## Prompt
What you return should be the full listing, word for word, without a single image.

*** Stored data Section Begins ***

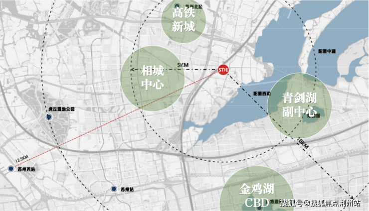 向北为高铁新城、向东为园区青剑湖副中心、向西为相城元和中心、向南为金鸡湖CBD。
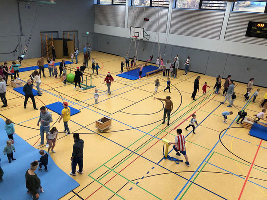 An vielen Stationen durften die Kinder verschiedene Übungen ausführen. Das reichte von der "Kamin-Rutsche", über das Labyrinth, an den Tauen schwingen oder einfach nur Purzelbäume machen.
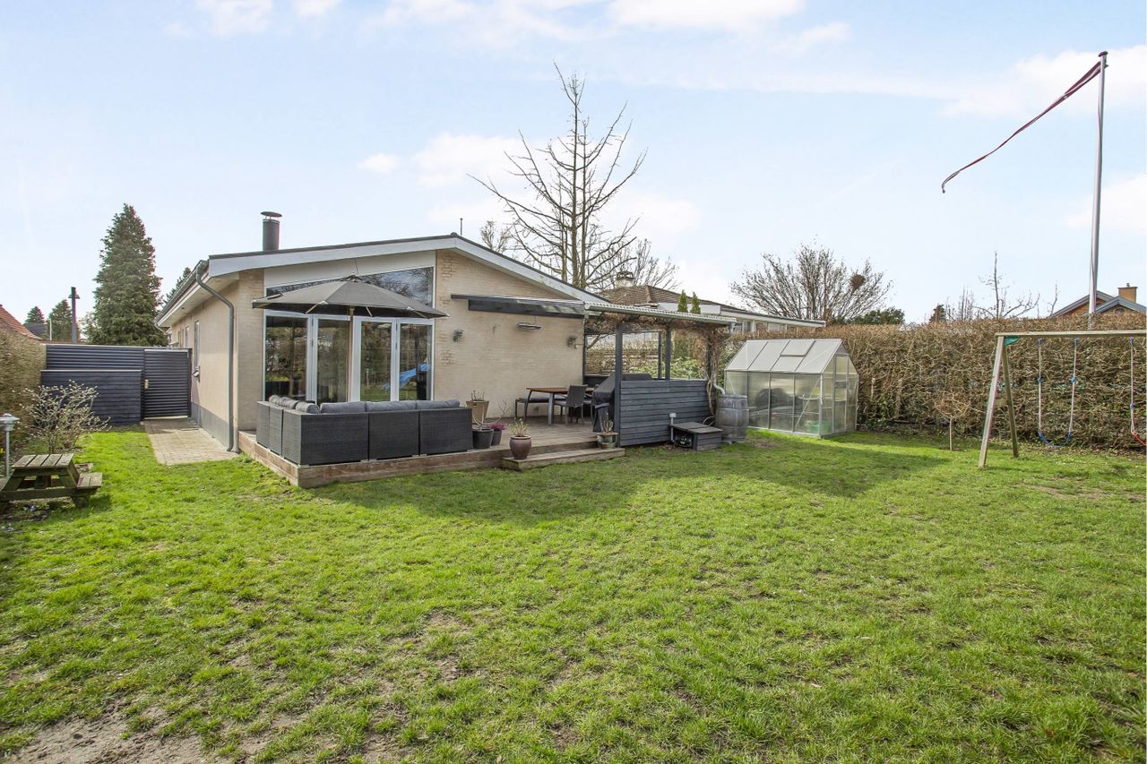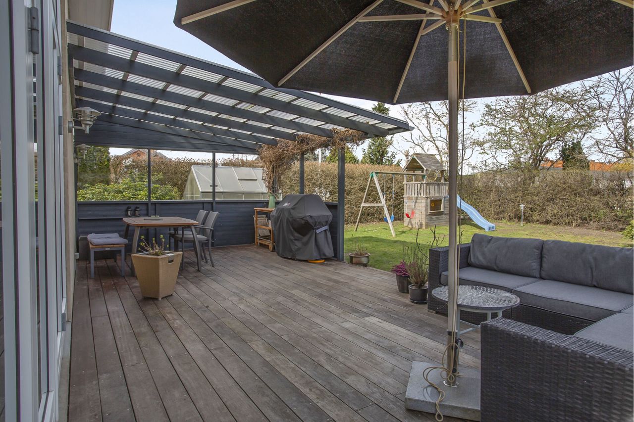 delvist overdækket træterrasse mod nordvest er det svært ikke at lade sig begejstre. I baghaven finder I

*** Stored data Section Ends ***

## Completed task
 向北为高铁新城、向东为园区青剑湖副中心、向西为相城元和中心、向南为金鸡湖CBD。
 An vielen Stationen durften die Kinder verschiedene Übungen ausführen. Das reichte von der "Kamin-Rutsche", über das Labyrinth, an den Tauen schwingen oder einfach nur Purzelbäume machen.
 delvist overdækket træterrasse mod nordvest er det svært ikke at lade sig begejstre. I baghaven finder I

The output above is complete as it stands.